Termini come amicizia, parentela, vicinato ecc. sono spesso usati per descrivere i rapporti umani fra persone che frequentano lo stesso ambito; purtroppo nel linguaggio comune tendono ad assumere valenze e significati poco oggettivi, tanto che si sente il bisogno di utilizzare aggettivi o locuzioni che li caratterizzino meglio (amicizia occasionale, amico per la pelle ecc.).
Proprio per queste ambiguità il Personalismo non li utilizza per descrivere l’interazione con il prossimo; la visione dei tre mondi (amore, neutro, odio) descritta in La felicità è possibile tende a essere più coerente e meno caotica. Purtroppo siamo stati abituati a ragionare con molti dei termini sopraccitati ed è quindi necessario commentarli alla luce della nuova impostazione. Per esempio, può apparire molto complesso relazionare il termine amicizia nella sua accezione comune al mondo dell’amore del Personalismo.
L’amico
Il punto di partenza è sicuramente il mondo dell’amore: chiunque migliori la nostra qualità della vita fa parte del mondo dell’amore. Potremmo definirlo un amico.

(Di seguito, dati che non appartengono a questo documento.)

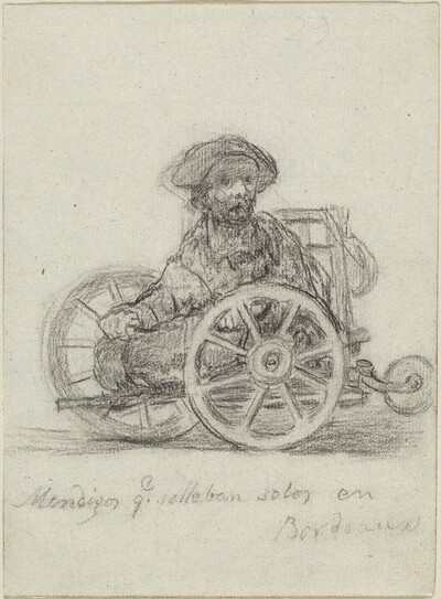 Un mendigo se inclina ligeramente, apoyado sobre una muleta, mientras adelanta el sombrero en ademán de pedir limosna. El ligero trazo del lápiz hace extrañar el vigor y la energía con que Goya estaba empleado en los dibujos de sus Cuadernos de Burdeos (ca. 1824-1828), en los que aparecen tipos marginales, enfermos y vagabundos que el aragonés observó en las calles francesas. Es el caso de Mendigos que se lleban solos en Bordeaux. Sin embargo, el tratamiento de esos personajes resulta mucho más expresivo que en este dibujo, aunque sin caer en la caricatura.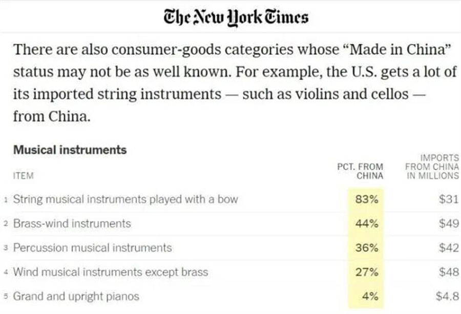 還有一些消費(fèi)品類別的“中國制造”可能不那么廣為人知。例如,美國從中國進(jìn)口了大量弦樂器,包括小提琴和大提琴。維生素及其衍生物也大量從中國進(jìn)口,還有各種冷凍魚類,包括鰻魚、鱈魚、羅非魚等等。

Questa definizione per esempio include anche i parenti positivi ed esclude, relegandoli nel mondo neutro, vicini o parenti che sono ininfluenti sulla nostra qualità della vita (i più maligni potrebbero essere tentati di mettere qualcuno di loro nel mondo dell’odio…). In genere siamo tutti propensi a giudicare amici coloro che ci aiutano in modo diretto a vivere meglio, quindi per ora nessuna sorpresa. La definizione è però ancora troppo vaga.
L’amicizia parziale
Tutti abbiamo ben presente che nel nostro mondo dell’amore non tutti i soggetti hanno la stessa importanza. Se per partner, figli, genitori ciò appare ovvio, cosa ci fa considerare un amico come speciale? Ogni amico può essere legato a un ambiente di frequentazione, almeno iniziale: ci si conosce a scuola, al lavoro, per un evento, una passione comune. L’amicizia può rimanere legata a tale ambiente oppure può estendersi a macchia d’olio ad altri aspetti della nostra vita.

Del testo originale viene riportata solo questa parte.